Imagine me in a slightly more Machiavellian frame of mind and you might just find me wondering what role PR has to play in all this blogging palava. I remember a PR friend of mine appearing on Radio 5 claiming that personality types could be defined by the font you used and casually managing to slip a certain printer manufacturer’s name into the conversation quite liberally. Seeming the BBC don’t do advertising it was probably a spot of genius. It was also entirely fabricated.

And that’s what PR people are – far better fabricators than us sheet metal folk could ever wish to be.

By the time some high powered knob has thought about starting a blog, the blogosphere is already falling over itself to give its two cents worth. It’s buzz marketing gold and the PR gooks with a bit of nous understand this completely. And so does the blogosphere. On the one hand, the business blogging fraternity needs the big names on board to validate the medium and on the other, it has to ensure these people are doing it correctly in order not to bastardise the blog.

What a quandry.

I’m far happier with what GM are doing with their blogs after their initial foray a few months ago. They’ve at least brought trackbacks and comments on board and put a few names to posts after Michael Wiley was taken to task in the comments on The Tinbasher:

While you are certainly entitled to your opinion, and you are correct to assume that the Small-block engine blog was created by the GM PR staff, I don’t think it is fair to discount its relevance just because it was created by a corporation.

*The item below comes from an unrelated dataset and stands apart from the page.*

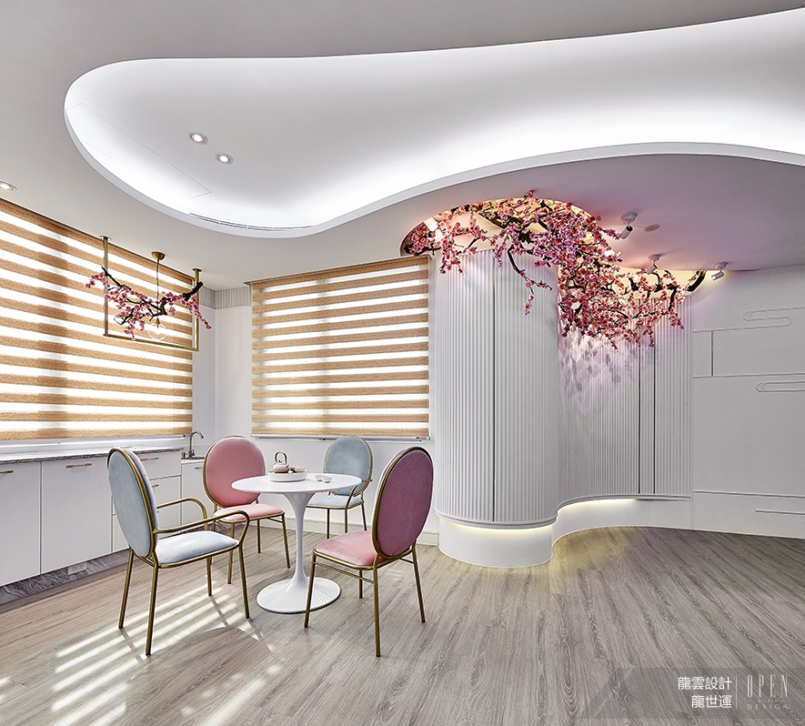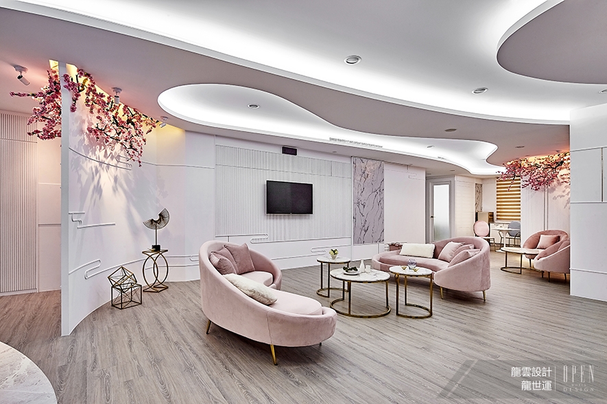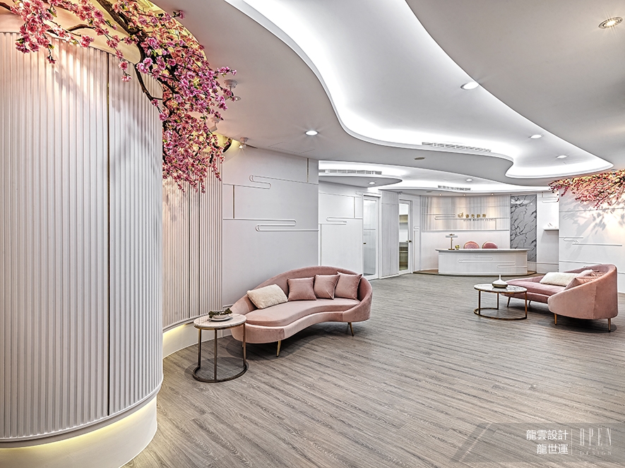 以「無框架設計」聞名的龍總監,靈光乍現浪漫主義詩人李白的《清平調》詩詞:「雲想衣裳花想容,春風拂檻露華濃。」將空間色彩用以粉、白配色,並搭配東方吉祥象徵「雲紋」,讓醫美診所流淌雲彩、綻現桃花林木,跳脫大眾對於診所的既定印象。

Neville Hobson has a post about the behind the blog scenes of the Fastlane blog, but I’m out of cigarettes and currently looking at it all a bit differently,

The blog was result of an ongoing conversation between [PR agency] Hass [MS&L] and GM about blogs. It is run on Movable Type, and Bob Lutz sometimes moblogs using his Blackberry. The company has been pretty happy with all the attention the launch has gotten so far. [...] The blog was a follow to the GM Smallblock Blog, which Hass and GM created as a kind of trial foray into the blogosphere.

So it’s pretty clear there’s been a PR discussion and that Bob blogs with his Blackberry. At the risk of being sued – whatever. I’d love to know which posts Bob has moblogged.

Laurie [Mayers, of the PR firm] says the response via comments so far has been great. She moderates the comments in order to prevent spam, and has had a little fun from bloggers who accidentally got an out-of-office reply because of a comment moderation email.

I think it depends on how charitable you might be feeling as to how far you believe they might moderate, but I’ll take them at their word.

But, if you look at the Fastlane blog, it’s had four posts between Jan 13th and Jan 28th – two by Bob Lutz, one anonymous and the latest one from Tom Stephens. Maybe it’s becoming a legitimate group blog and maybe Bob is bored.

GM is getting it and I want them to get it, but it’s certainly slowly. I still see no embracing of the blogosphere at all. Yes, there are links, but no actual referencing of how they see what else is going on in their corner of the blogosphere within any of the posts.

This blogging lark would be so much easier if we could all blog the Bob Lutz way.